Un observateur attentif des marchés financiers ne peut pas ne pas remarquer cependant qu’il existe des grandes « vagues » de création de valeur dans le système capitaliste et qu’il est bon de les repérer si « on veut gagner de l’argent sans travailler » (définition de la finance par ma secrétaire il y a quelques années). Pour bien comprendre ces vagues de fond, il est bon de revenir aux deux grands économistes qui ont le mieux analysé ce processus de création de la richesse, je veux parler de Ricardo et de Schumpeter.
(Dessin de presse : René Le Honzec)
Pour Ricardo, la création de valeur est la conséquence d’une meilleure utilisation des trois facteurs de production que sont le capital, le travail et la terre à l’échelle d’un pays ou du monde. La croissance chinoise des 20 dernières années est une croissance purement ricardienne. Pour Schumpeter par contre, la création de valeur est la conséquence d’une invention de rupture qui change les règles du jeu (par exemple, Internet) et permet à sa « création destructrice » d’avoir lieu.
La croissance ricardienne est finie par nature. Une fois que les routes ou les ponts ou les logements ont été bâtis, elle s’arrête. Bien souvent, de plus, elle se heurte à ce que l’on pourrait appeler la « contrainte malthusienne », les matières premières venant à manquer. La croissance schumpetérienne ne dépendant que de la capacité de l’esprit humain à inventer est infinie et ne dépend donc pas des matières premières. En fait, les inventions ont en général lieu pour briser la contrainte malthusienne (pétrole remplaçant le charbon, etc.)

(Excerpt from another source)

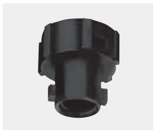
Zwischenadapter* System Lechler TWISTLOC (092.163.56.00.22.1) Verlängerung: 22 mm

Pour des raisons qui m’échappent, ces « vagues de création de valeur » ont une durée décennale (Juglar ?). De 1950 a 1960, nous avons eu une croissance ricardienne, reconstruction de l’Europe et du Japon, commerce international, communauté européenne. De 1960 a 1970, une grande vague schumpetérienne : pharmacie, IBM, Control Data, Hewlett-Packard, débarquement sur la lune… De 1970 a 1980, une horrible décennie malthusienne et inflationniste, avec or, argent, pétrole montant sans relâche et j’en passe. De 1980 a 1990, à nouveau, une grande période ricardienne : Acte unique européen, réunification allemande, émergence des tigres asiatiques. De 1990 à 2000, la grande période schumpetérienne par excellence se terminant par la bulle Internet. De 2000 à aujourd’hui, une croissance ricardienne en Asie centrée sur la Chine, avec de forts relents de contrainte malthusienne (pétrole, etc.)
Si cette périodicité décennale se maintient, on peut dire sans crainte que le temps est venu de rentrer à nouveau dans une période schumpetérienne, centrée autour de la biologie, de l’électricité, des communications, Internet et de nouvelles inventions que je suis bien incapable d’imaginer.
Si tel est le cas, cela a des implications gigantesques pour la politique de placement. Vendez vos valeurs malthusiennes, gardez vos valeurs ricardiennes et achetez beaucoup, beaucoup de matière grise cotée en bourse. C’est la seule matière première qui ne s’épuisera jamais. Tel est mon conseil pour les 10 ans qui viennent a ceux qui veulent « gagner de l’argent sans travailler ».